Жертвы ассасинов принадлежат к двум основным группам. В первую входят правители, военачальники и министры; во вторую – кади и другие религиозные сановники. Промежуточная группа, в которую входили городские префекты, тоже периодически пользовалась их вниманием. С несколькими исключениями их жертвами были мусульмане-сунниты. Обычно ассаси-ны не нападали на двунадесятников или других шиитов, а также не обращали свои ножи против местных христиан или иудеев. Было всего несколько нападений даже на крестоносцев в Сирии, и большинство из них, по-видимому, произошли после договоренности Синана с Саладином и союза Хасана с халифом.

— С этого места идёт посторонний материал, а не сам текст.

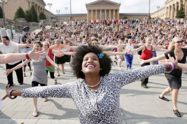 Large speakers situated around the base of the Philadelphia Museum of Art's famous Rocky steps came to life, and the sound of crashing ocean waves brought the dancers to movements inspired by underwater motion: slow gyrations, undulating arms, a held nose during an "underwater" dive.

Врагами для исмаилитов были правящие круги суннитов – политический и военный, чиновничий и религиозный. Убийства представителей истеблишмента должны были вселять страх, ослаблять и, в конечном счете, свергнуть его. Некоторые убийства были просто актами мести и предупреждения, такие как убийства суннитских священнослужителей, которые что-то сказали или сделали против них, в их собственных мечетях. Других жертв выбирали по более неотложным и более конкретным причинам; такими жертвами были командующие армиями, напавшими на исмаилитов, или жители цитаделей, которыми они хотели завладеть. Тактические и пропагандистские мотивы соединяются в убийствах видных деятелей, таких как великий визирь Низам аль-Мульк, двое халифов, и при покушениях на Саладина.

Гораздо труднее определить источник материального обеспечения исмаилитов. Большая его часть, вероятно, шла из сельских местностей. Главные опорные пункты исмаилитов находились в замках; наибольшего успеха исмаилиты достигали тогда, когда могли опереться на население окрестных деревень для оказания им материальной помощи, а также пополнения их рядов. И в Персии, и в Сирии эмиссары исмаилитов пытались укрепиться в регионах, где существовали старые традиции религиозных уклонов. Такие традиции поразительно живучи и еще кое-где сохранились. Некоторые религиозные произведения «нового проповедования» в противоположность сложному городскому интеллектуализму богословия Фатимидов демонстрируют многие магические черты, связанные с крестьянской религией.

Материальное обеспечение исмаилиты могли весьма эффективно получать в сельских и горных районах, но оно не было ограничено только ими. Ясно, что у исмаилитов были последователи и в городах, которые при необходимости оказывали осторожную помощь посланцам из замков, приступающим к своим миссиям. Иногда, как в Исфахане и Дамаске, они были достаточно сильны, чтобы открыто бороться за власть.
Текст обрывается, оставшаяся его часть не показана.